Question

10 circular pieces of paper each of radius 1 cm have been cut out from a piece of paper having a shape of an equilateral triangle. What should be the minimum area of the equilateral triangle?

Answer 1

`A = 6(3+2sqrt(3))`[`"cm"^2`]

Explanation:

The circular pieces of paper aligned in rows, like

1 over
2 over
3 over
4

configure the skeleton of an equilateral triangle.

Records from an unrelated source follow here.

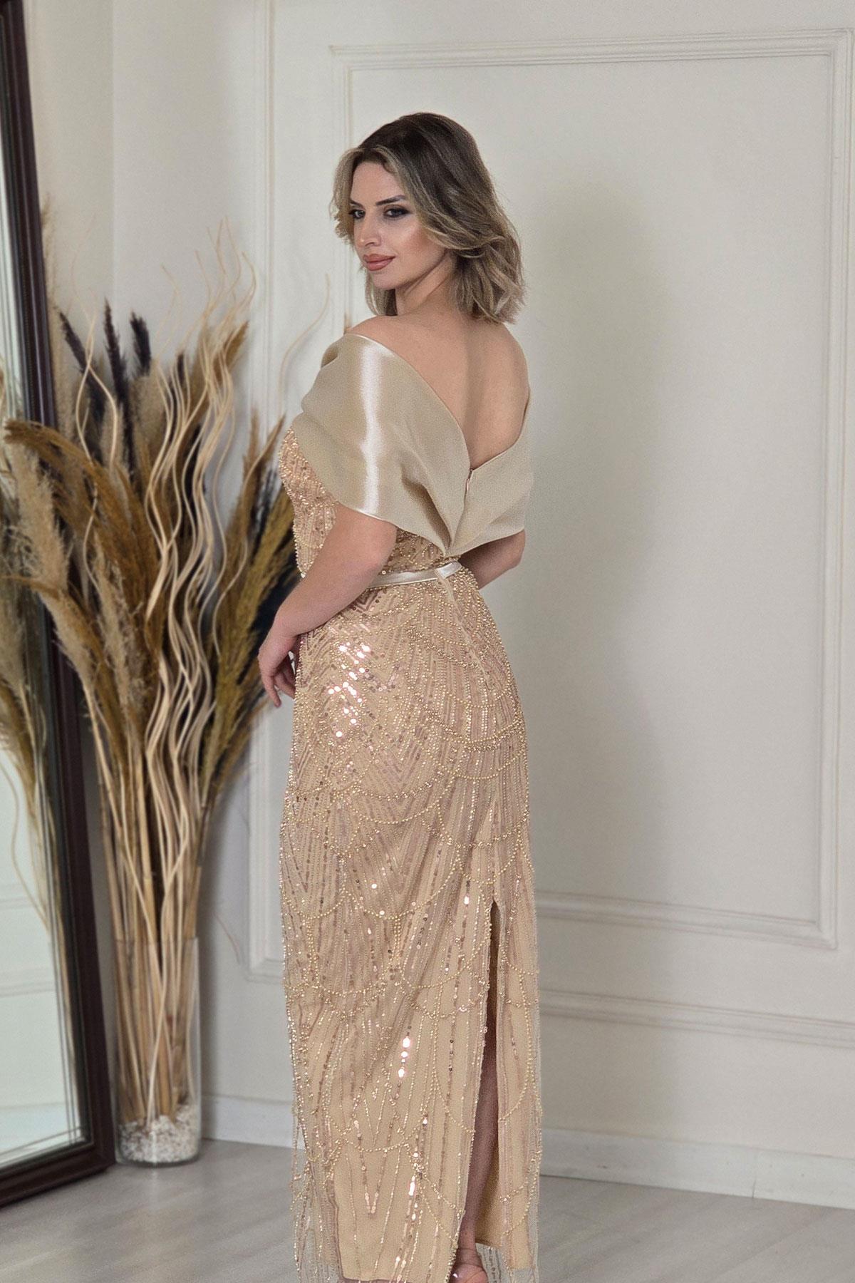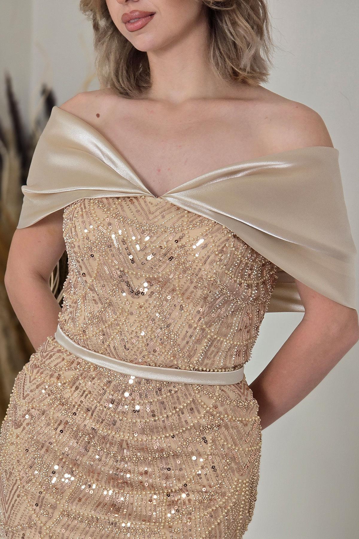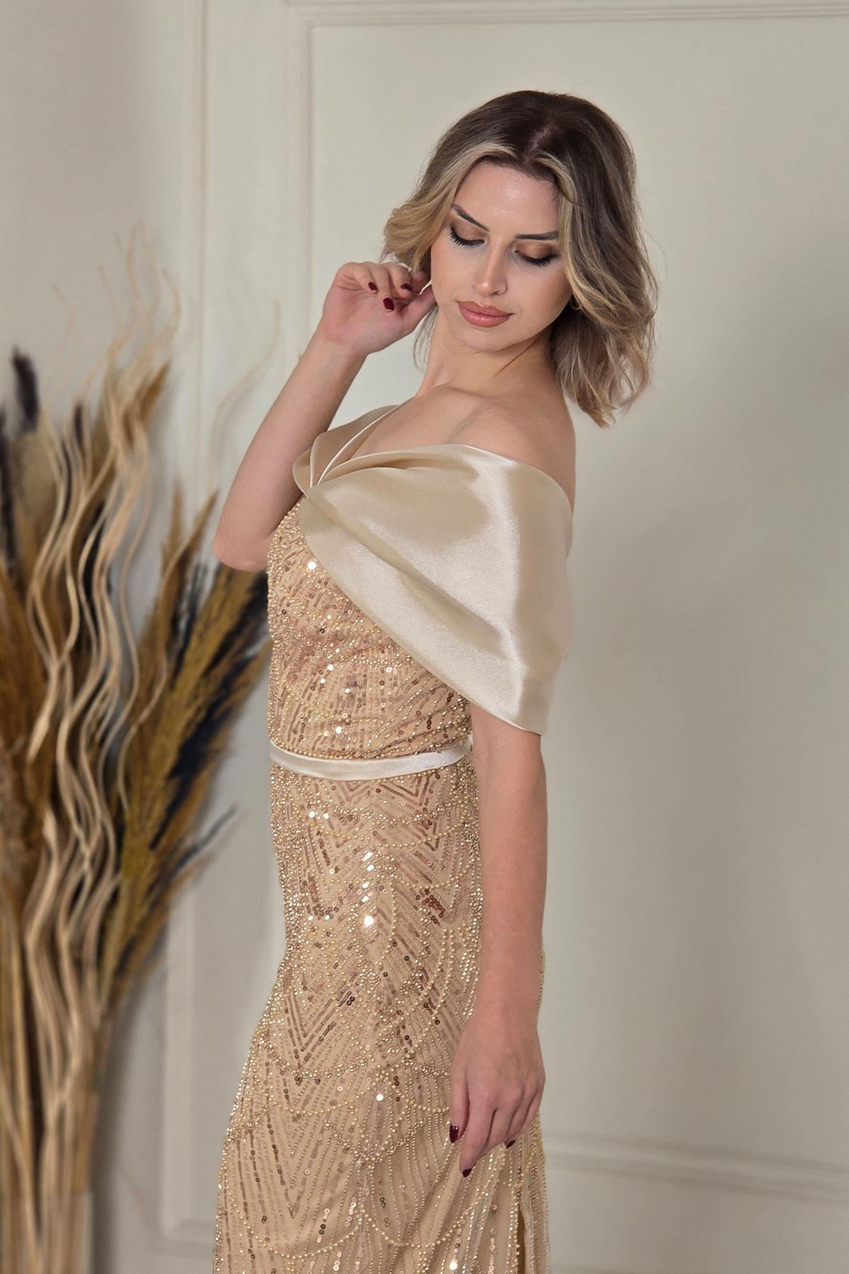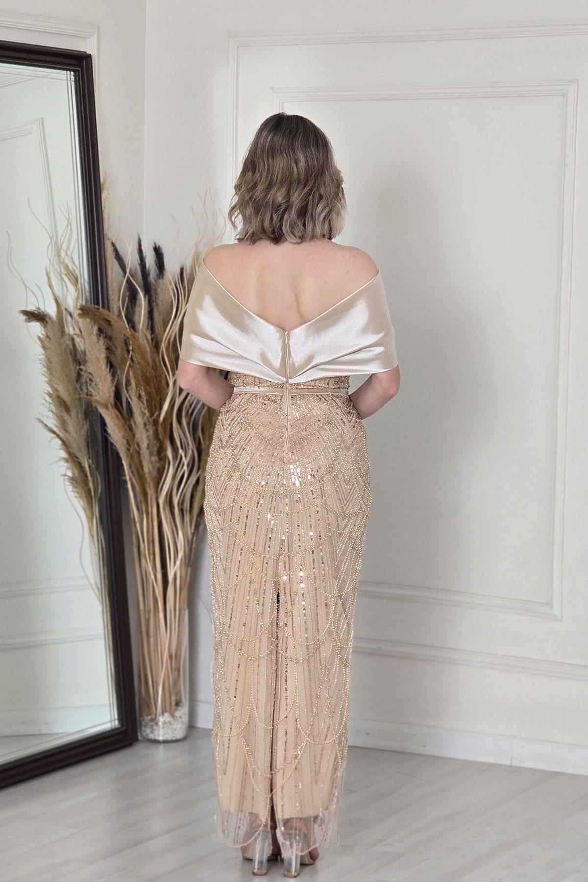 Gold Etol Yaka Boncuklu Araboy Abiye 9004
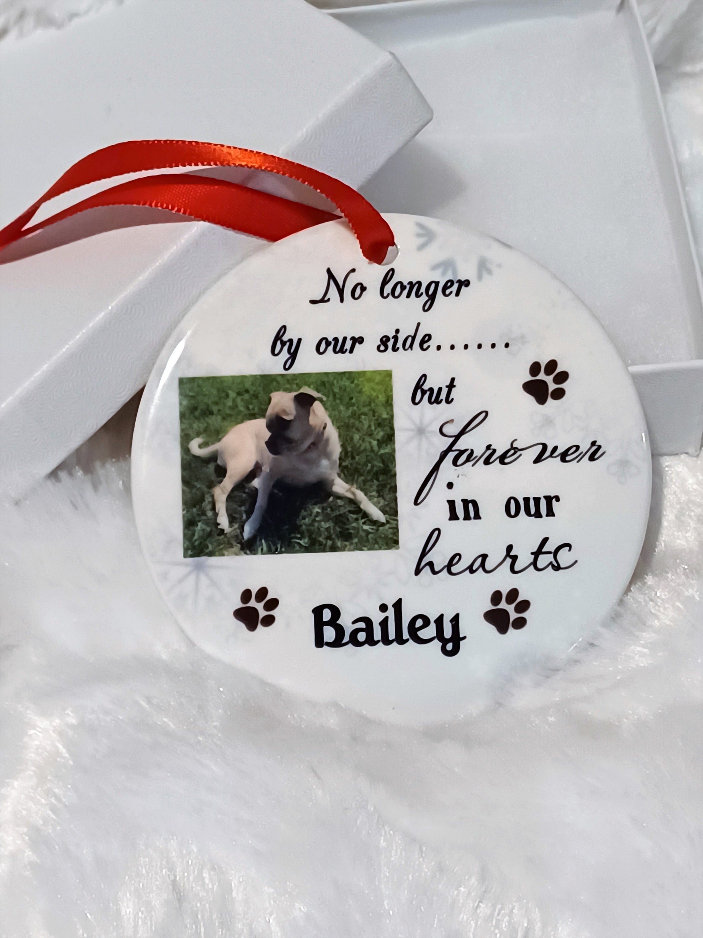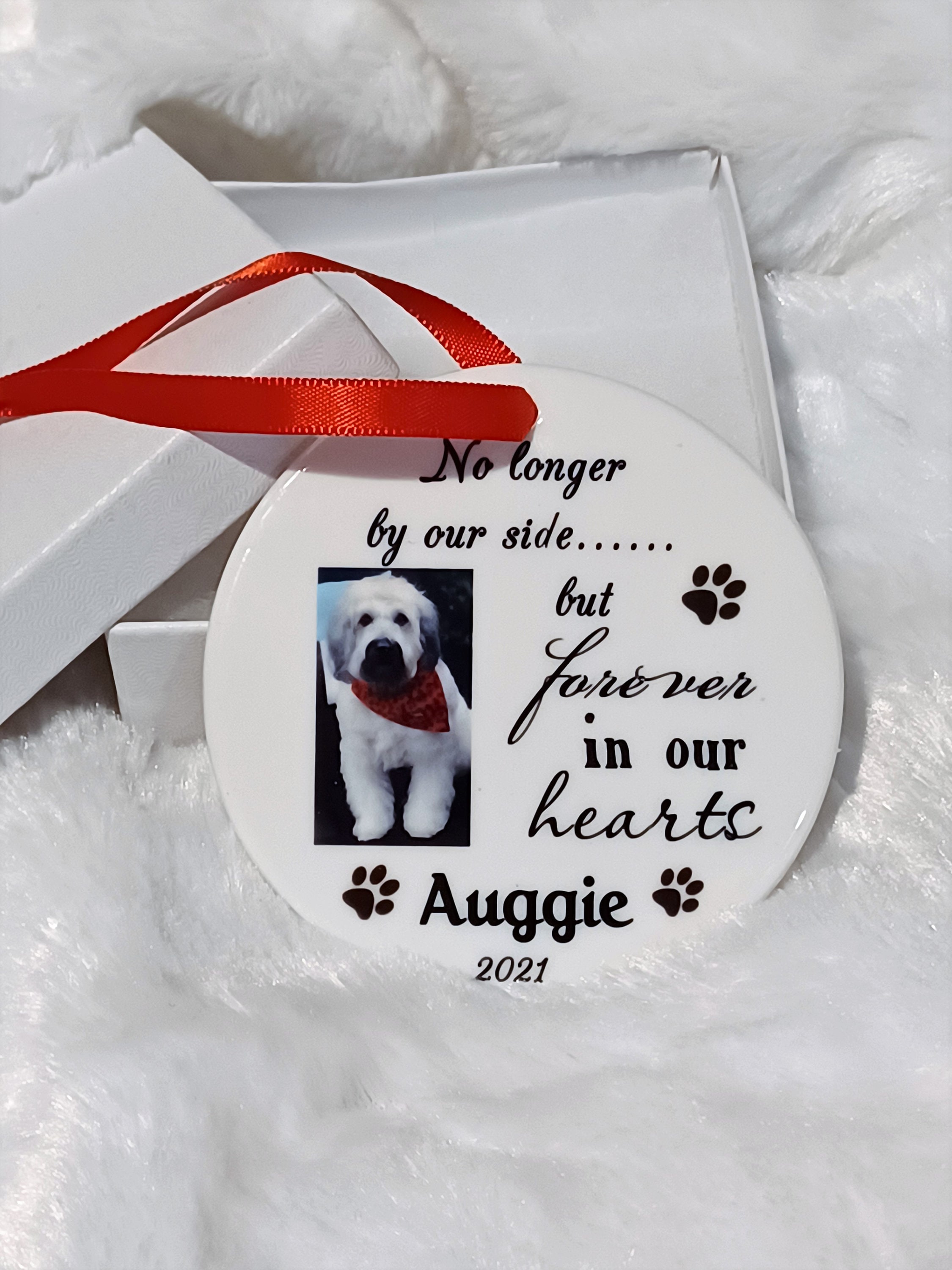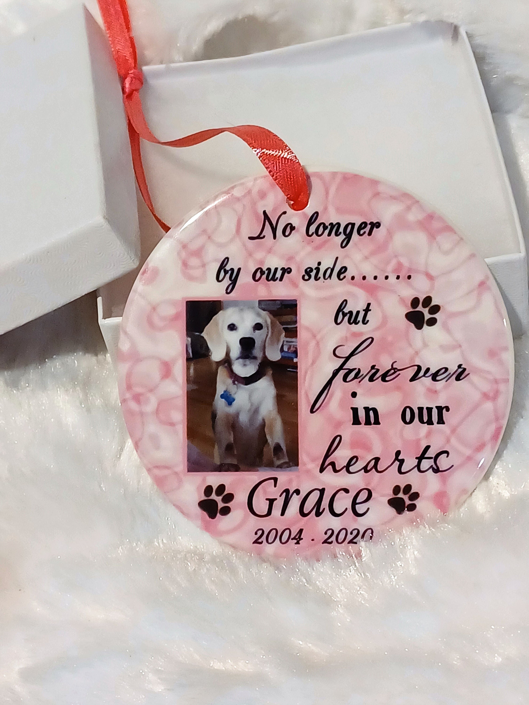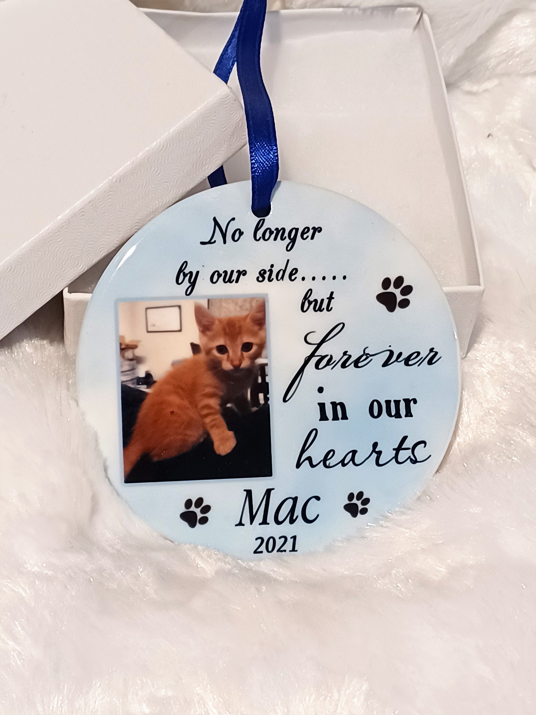 Our beautiful pet memorial ornament is a great way to remember that furry family member and forever friend. Especially during the holidays when you think of them. They will be there on your tree, watching over you.
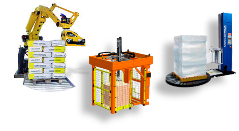 Paletizadores tradicionales mecánicos por capa, robots cartesianos y robots antropomórficos de varias marcas. Sistemas Integrados con envolvedoras de Pallets y dependiendo de cada caso en particular se ofrece la solución más adecuada para cada proyecto.
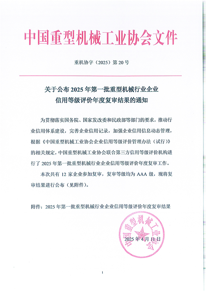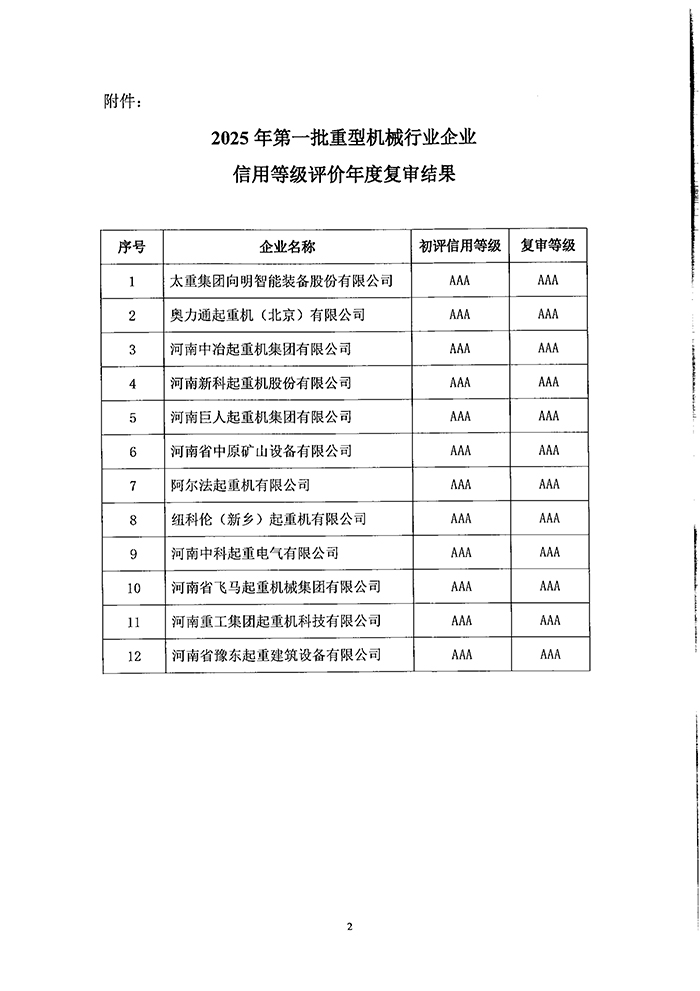 关于公布2025年第一批重型机械行业企业信用等级评价年度复审结果的通知
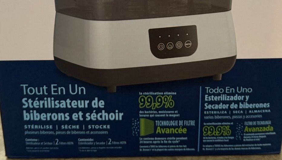Baby Bottle Sterilizer & Dryer. Sterilize up to six Narrow or Wide-Neck baby bottles at once, plus bottle accessories, breast pump parts, pacifiers, teethers, and more. ELIMINATES HARMFUL BACTERIA. Steam sterilizing eliminates 99.9% of bacteria, mold, and the yeast that causes thrush.
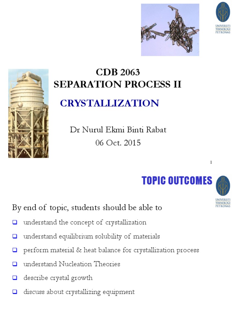 OBJECTIVE OF CRYSTALLIZATION
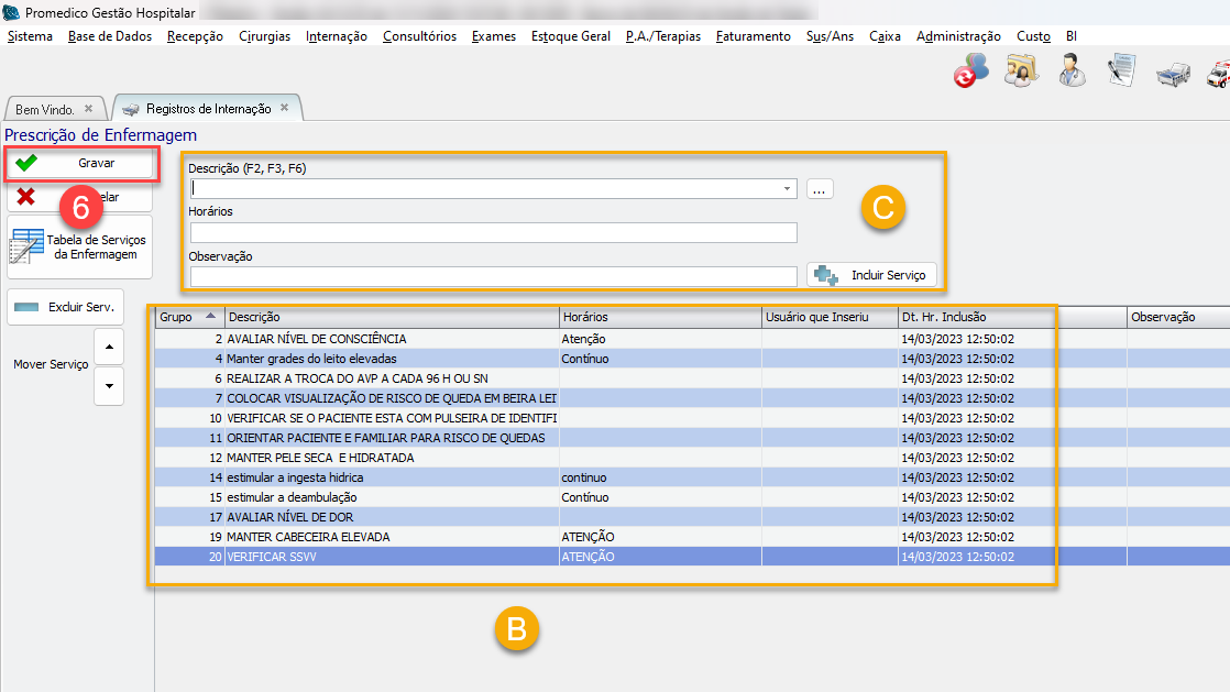 6) Clique no botão "Gravar" para salvar os dados e retornar para a tela de prescrições de enfermagem.
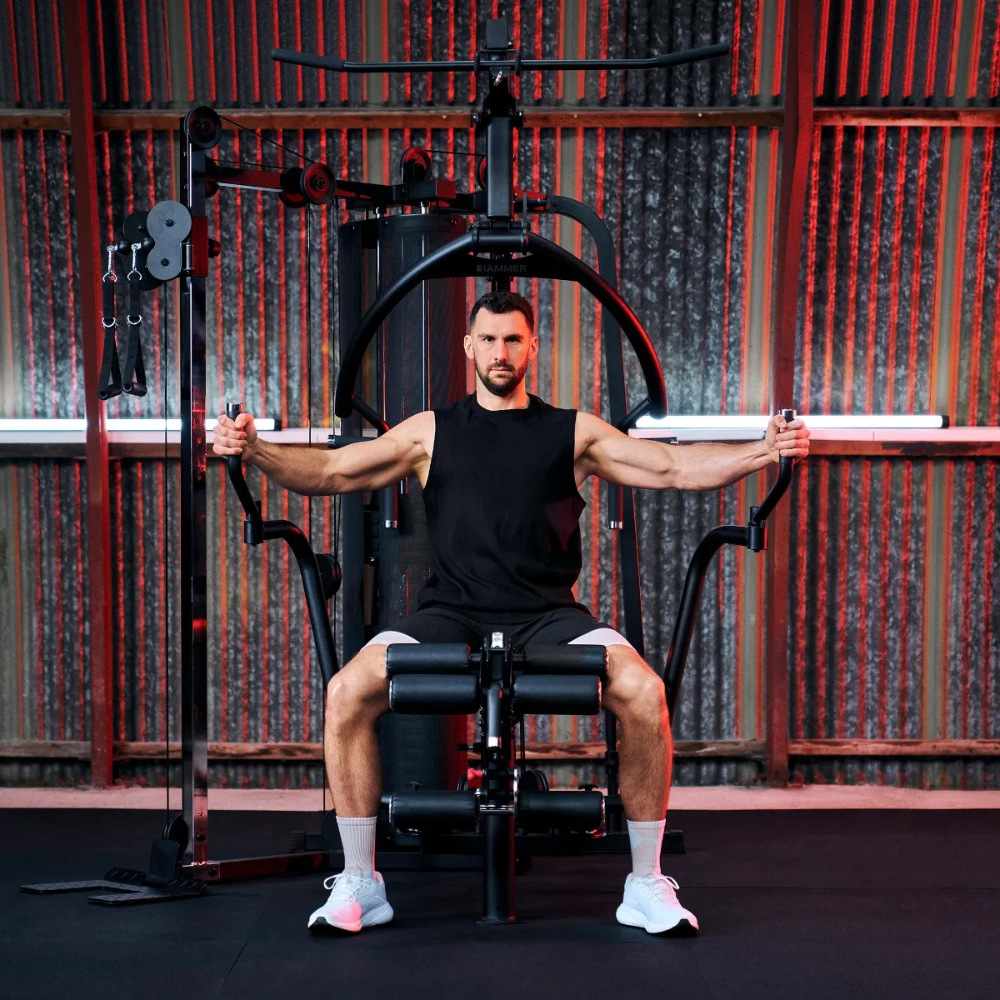 The new HAMMER Autark 6000 brings a real studio feeling to the home gym - with a versatile range of functions, a powerful 100 kg weight block and a modern full-black design. Developed for anyone looking for a powerful, space-saving strength system, it combines intelligent mechanics with maximum training comfort.
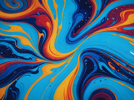 A psychedelic swirling marbling pattern in shades of blue, orange, and teal, featuring organic shapes and intricate fluid textures.
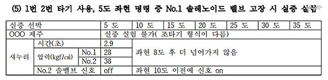 그러나 실제로는 달랐습니다. 당시 보고서에 따르면, 타가 명령 타각인 5도를 넘어 10도에 이르러서야 ‘이상 타각 경보’가 울리면서 반대측 솔레노이드 밸브가 작동했습니다. 같은 방식으로 우현 10도 타각 명령을 줬을 때 역시 15도가 되어서야 반대측 솔레노이드 밸브가 작동했습니다. ‘설계’와 ‘실제’는 차이가 크다는 점을 보여준 겁니다.

The external equilateral triangle must have a minimum side length of `6r` plus an addition of

`2 xx r/(tan(30^@)) = 2xx sqrt(3)xx r`.

So each side must have a length of `l=(6+2 xx sqrt(3))xxr` or `l = lambda r`. For the equilateral triangle the height is `h = sqrt(3)/2 l` so the area is given by

`A = 1/2 l xx h = 1/2 sqrt(3)/2 (lambda r)^2 = 6(3+2sqrt(3))r^2`

now if `r = 1`[`"cm"`] then `A = 6(3+2sqrt(3))`[`"cm"^2`]

Answer 2

`=6(3+2sqrt3)cm^2`

Explanation:

After cutting out 10 circular pieces the triangular paper will have structure as shown below

`r =1 cm->"Radius of each circular piece of paper"`

`BT = "projection of BO"=x`

`/_OBT=1/2/_ABC=1/2xx60^@=30^@`

`x/r=cot30^@=sqrt3`

`=>x=sqrt3r`

`"Each side of the " DeltaABC=6r+2x=6r+2sqrt3r =(6+2sqrt3) cm`

`"Area " Delta ABC=sqrt3/4*"side"^2=sqrt3/4(6+2sqrt3)^2 cm^2`

`=sqrt3(3+sqrt3)^2cm^2`

`=sqrt3(12+6sqrt3)cm^2`

`=(18+12sqrt3)cm^2`

`=6(3+2sqrt3)cm^2`